While the fund sizes of many venture capital firms have ballooned into billions of dollars over the last decade, Benchmark stuck to the strategy that helped make it legendary. By being staunchly selective and taking a large—typically 20%—stake in every startup the firm backed, it maintained a model designed to maximize outsized returns for its limited partners.
However, Benchmark’s relatively small fund sizes have likely prevented the firm from investing in capital-intensive AI startups, particularly foundation model makers, whose round sizes often reach into hundreds of millions. As a result, the firm hasn’t invested in Anthropic, OpenAI, or any of the other capital-intensive AI labs, such as Periodic Labs, Reflection AI, or Recursive Superintelligence.
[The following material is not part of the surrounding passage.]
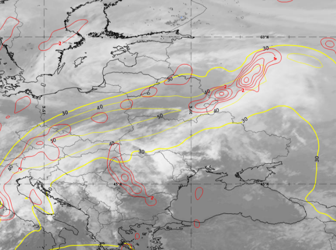 Right: IR 10.8 μm imagery from 30 November 2021 at 21:00 UTC. Isotachs and cyclonic vorticity advection at 300 hPa.

Where Benchmark has placed AI bets, the results have been mixed. The firm led a $75 million round in Manus, a Singapore-based AI agent platform that hit $100 million in annual recurring revenue within eight months of launching. When Meta agreed to acquire Manus for roughly $2 billion late last year, it looked like another Benchmark winner in the making. But Chinese regulators — arguing the company, which was founded in China before relocating to Singapore, had violated export control laws — blocked the deal in April, leaving Benchmark’s stake in limbo.
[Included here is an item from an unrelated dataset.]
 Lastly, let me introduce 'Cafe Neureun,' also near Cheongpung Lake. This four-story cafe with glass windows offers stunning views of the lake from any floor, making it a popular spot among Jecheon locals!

Benchmark’s new $750 million early-stage fund will give the firm more flexibility to write checks in an environment where early-stage valuations have skyrocketed. While the firm has traditionally backed companies at the Series A stage, Benchmark has recently given itself more flexibility to invest in companies at other early stages of development.
In recent months, Benchmark backed two Series B startups: Gumloop, a platform that allows enterprises to create AI agents without writing code, and Monaco, an AI-native sales and CRM platform.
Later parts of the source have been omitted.